Coloured Mentality lacks nuance
As so-called coloured people we don’t talk enough about our identity and heritage. We get told stories of the Khoi, the San, slavery, the forced removals in District Six and Die Vlakte, Tweede Nuwejaar, the Klopse, Koesisters, pickled fish, and the bads (public pools). But nothing really about our history of being.
So naturally, anything that gets the coloured folks talking about it should be good. However, I was left a bit disappointed in Coloured Mentality. I don’t quite get what the authors of the web series are trying to do. If it is trying to uncover the “mentality” of so-called coloured people, then that sort of makes sense. I can work with that.
But if not, what are they trying to do? What are they trying to prove? To be quite honest, I think the web series lacks nuance. It lacks a certain depth of exploring identities. It’s somewhat of a cocktail of the two battles I mentioned earlier.
Coloured people have an obsession with not being black, as if being black is something that is dirty, ugly, and leaves a bad taste in one’s mouth. They would like being called anything but black. This thinking is the product of racial classification – the proximity to whiteness phenomenon. Within most coloured communities, light-skinned coloured people with straight hair and blue/green eyes are put on a pedestal. They are praised for their “caucasian features”.
In my opinion, coloured or being coloured is not a racial classification. The Apartheid government only did that to divide and conquer and we perpetuate the division by our insistent denial of blackness. You are either Black or White.
Coloured people and their identities within blackness
Coloured is black culture. Just like Xhosa, Zulu, Tswana, Pedi, being coloured is no different. But many South Africans fail to understand this.
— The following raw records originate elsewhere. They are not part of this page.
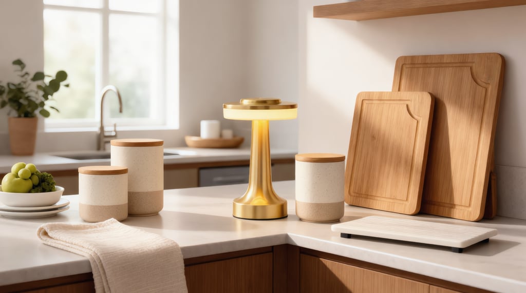 Cozy Modern Kitchen With Warm Lighting and Natural Decor.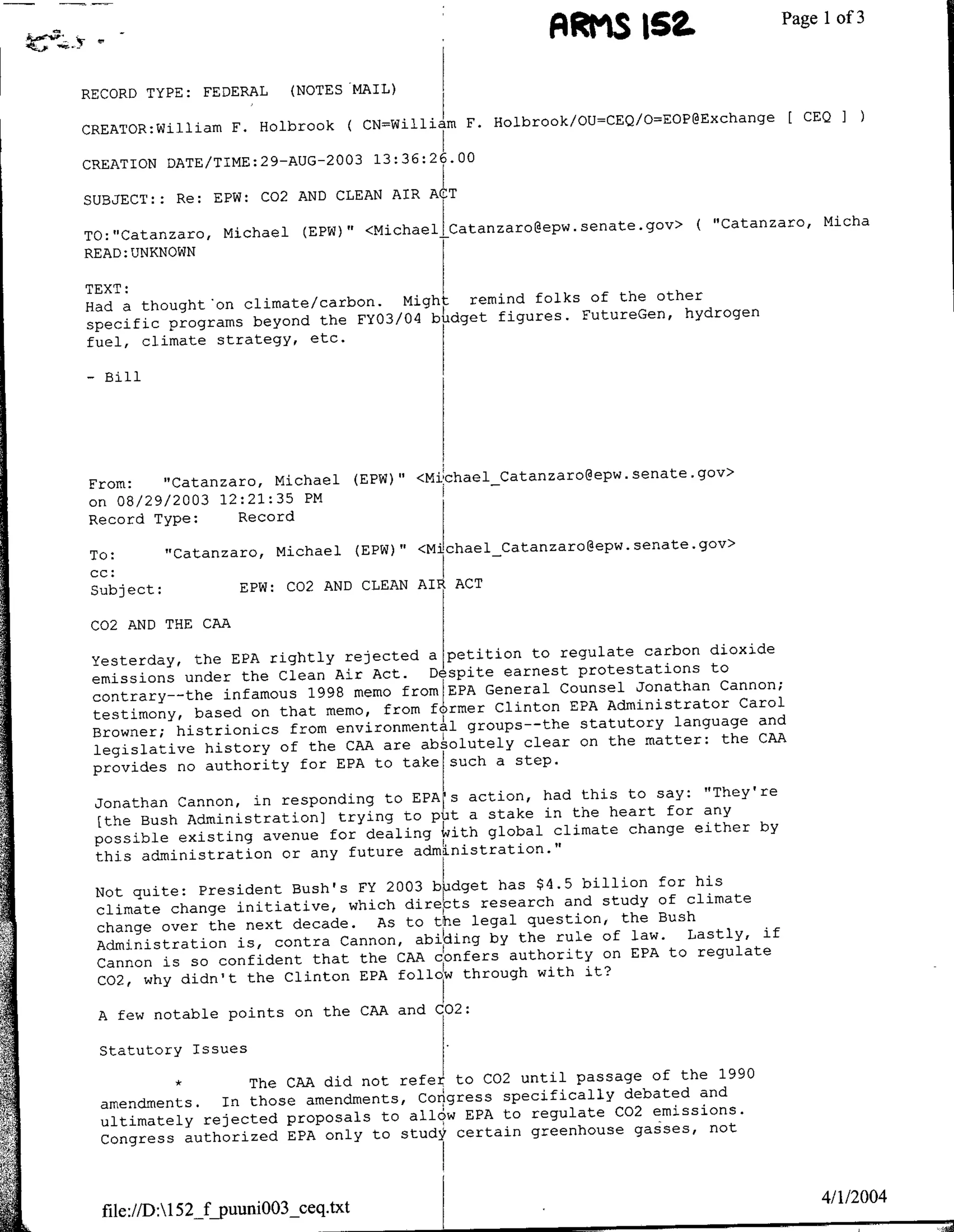2) While some argued the CAA provides authority to regulate CO2, the Bush Administration budget includes $4.5 billion for climate change initiatives and abides by the rule of law in not regulating under the CAA.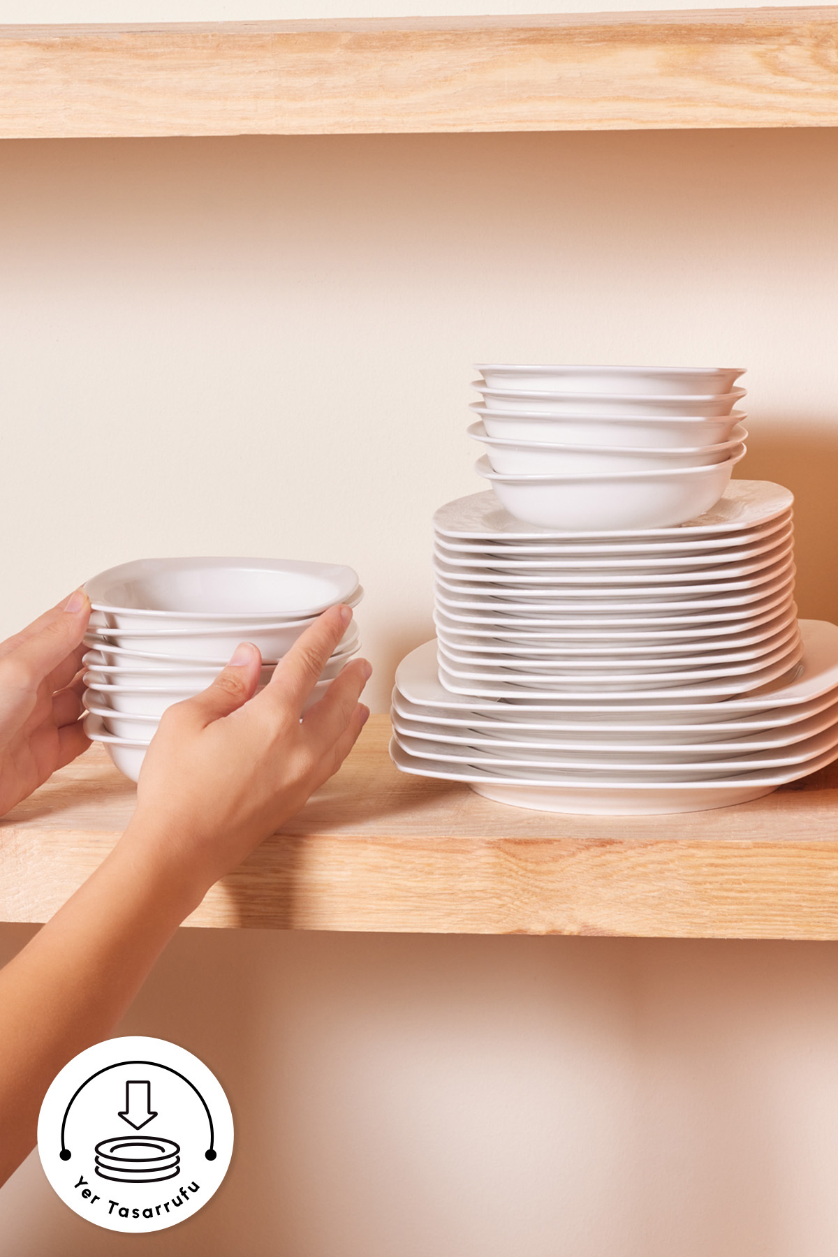 Kare formunu tamamlayan renkli-renksiz veya desenli-desensiz setleriyle farklı sofra sunumlarına uyum sağlar.

The reason for this, I think, is that coloured people were never given the opportunity to explore and celebrate their identities within blackness because of the racial proximity to whiteness and a possible resentment by black people.
Therefore, coloured people were forced into two categories: you were either gham (ghetto) or trying to be white, and therefore thought you were better than black people. Better because white people liked you. They employed you. But they kept you at arm’s length. They wouldn’t invite you to socialise at a dinner party or a braai, wouldn’t want their kids to go to school with yours, and complained about sharing beaches and parks.
This mentality is a tough space to get out of because there’s an illusion of it being better, and this is exacerbated by the so-called Oppression Olympics. Therefore, coloured people often feel stuck in the middle of race debates, also referred to as the zebra debate.
The Coloured Mentality episode “Is Afrikaans a White Language?” was my favourite. Language and culture are mutually inclusive and are fundamental to identity. I agree with most of the sentiments shared. Coloured people have struggled to own the language as the narrative has been dominated by white Afrikaans-speaking people for decades. I studied at Stellenbosch University, where Afrikaans enjoys a certain prestige above other languages. But this Afrikaans is the Afrikaans of Afrikanerdom not Afrikaaps that a majority of the coloured population speak. It’s time coloured people demand ownership of their language. Coloured Afrikaans speakers should no longer be used as the smokescreens for language policy debates at former white public institutions of higher learning.
My other critique of the web series is that it focuses largely on people of influence on radio, television and sports. This means that ordinary folks who identify as coloured only have the opportunity to engage with the material once it has already been published. In the sphere of identity politics, we know that people and opinions are easily influenced and swayed.
I think a greater effort could have been done to talk to the everyday coloured folk in the Cape Flats to get a holistic opinion on the subject matter. I expected the authors to do better. I came across a quote that is quite appropriate for this : “You don’t have to be a voice for the voiceless, just pass the mic.”